> WORK ITEM
Tally every line in the data that has the word "City" and report only the total.

***** SUPPLIED MATERIAL

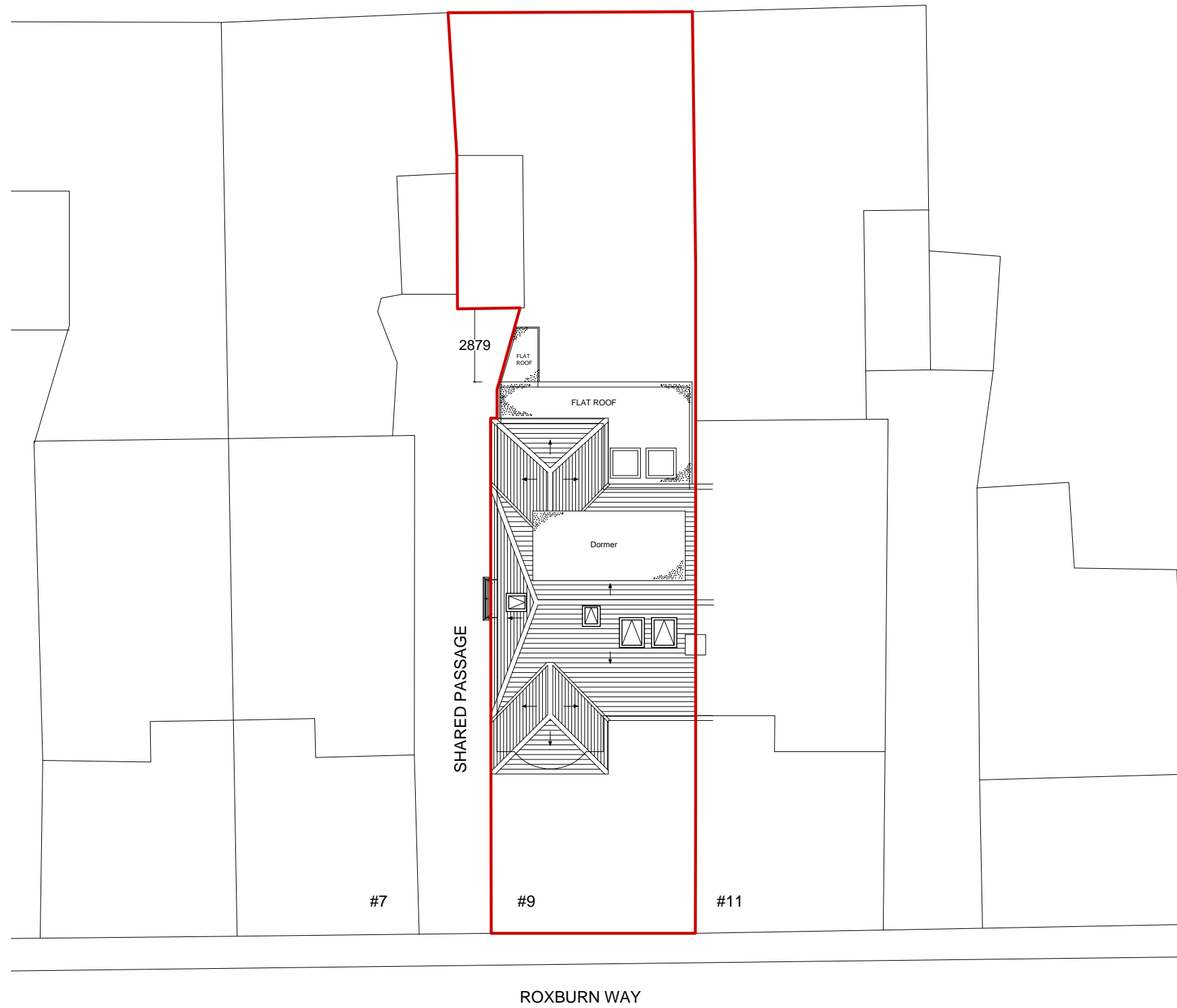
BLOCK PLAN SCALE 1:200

**********
***** SUPPLIED MATERIAL

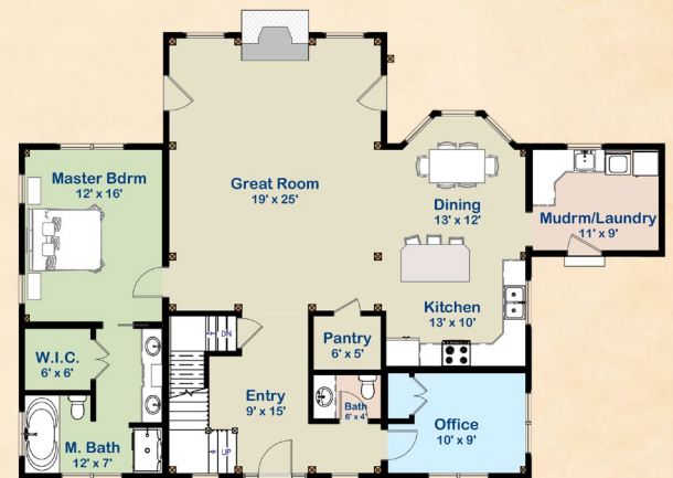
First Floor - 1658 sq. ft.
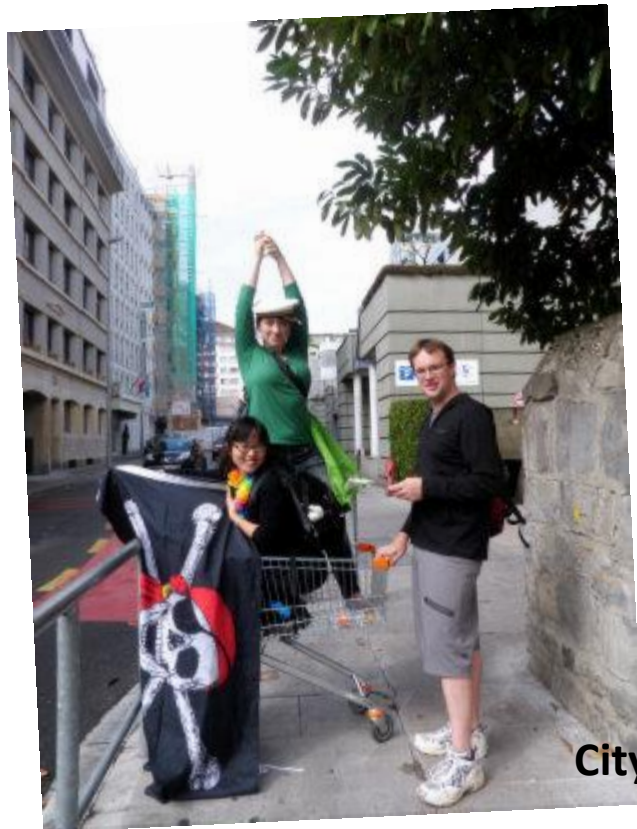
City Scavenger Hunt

**********
***** SUPPLIED MATERIAL

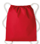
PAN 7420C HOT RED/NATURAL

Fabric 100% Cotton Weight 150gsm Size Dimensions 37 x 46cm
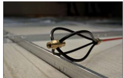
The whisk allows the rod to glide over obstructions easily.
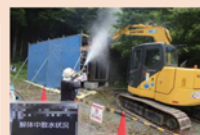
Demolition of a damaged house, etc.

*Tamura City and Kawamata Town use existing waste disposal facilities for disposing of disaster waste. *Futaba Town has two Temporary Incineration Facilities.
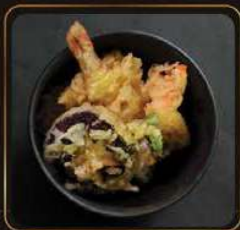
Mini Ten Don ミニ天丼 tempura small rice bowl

**********

> EXERCISE OUTPUT
2